Data: Begin

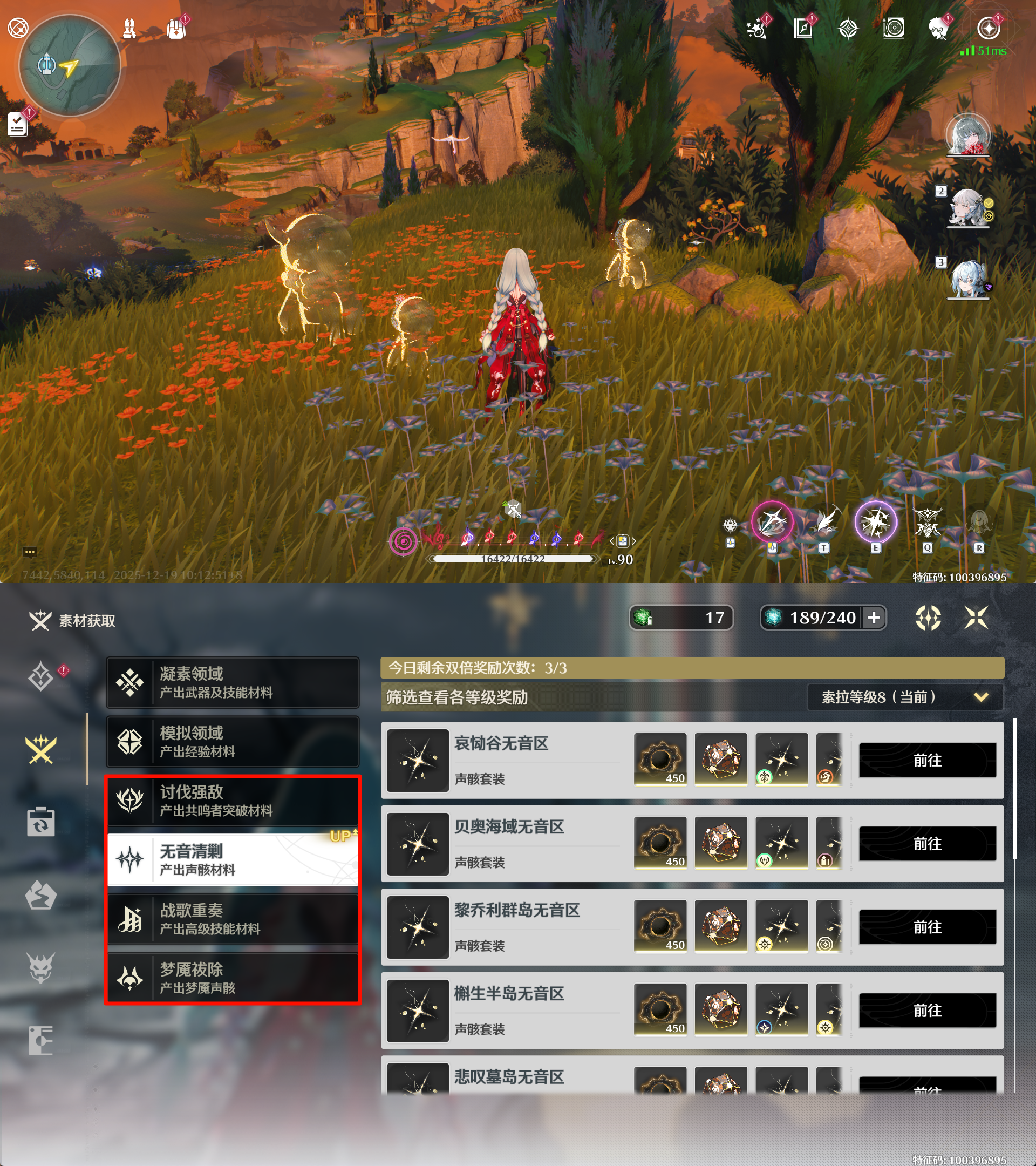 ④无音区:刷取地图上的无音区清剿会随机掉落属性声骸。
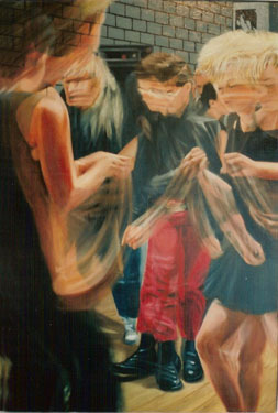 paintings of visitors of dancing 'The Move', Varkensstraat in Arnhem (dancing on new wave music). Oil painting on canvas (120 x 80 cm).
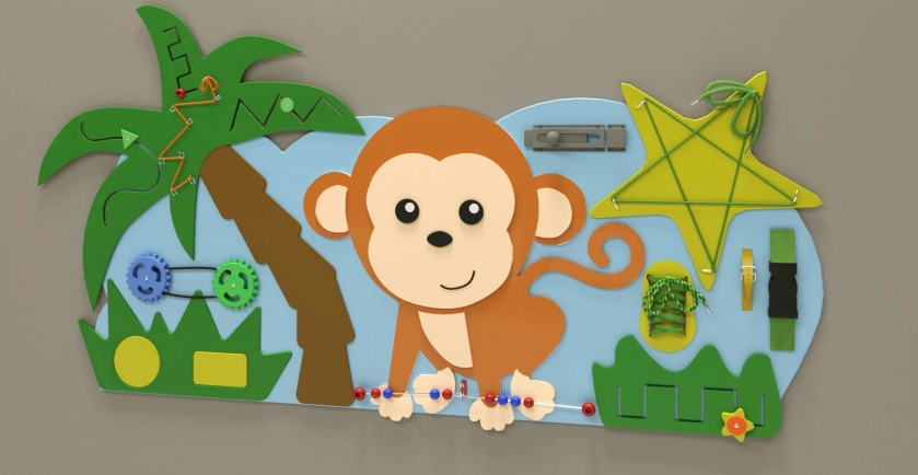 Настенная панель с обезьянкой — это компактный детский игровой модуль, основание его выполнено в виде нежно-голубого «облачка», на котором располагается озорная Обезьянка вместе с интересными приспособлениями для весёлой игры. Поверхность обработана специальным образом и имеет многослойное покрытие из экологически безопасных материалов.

Data: End

— Task to complete —
The expected output is the full material above, unaltered, with pictures removed.

— Written solution —
 ④无音区:刷取地图上的无音区清剿会随机掉落属性声骸。
 paintings of visitors of dancing 'The Move', Varkensstraat in Arnhem (dancing on new wave music). Oil painting on canvas (120 x 80 cm).
 Настенная панель с обезьянкой — это компактный детский игровой модуль, основание его выполнено в виде нежно-голубого «облачка», на котором располагается озорная Обезьянка вместе с интересными приспособлениями для весёлой игры. Поверхность обработана специальным образом и имеет многослойное покрытие из экологически безопасных материалов.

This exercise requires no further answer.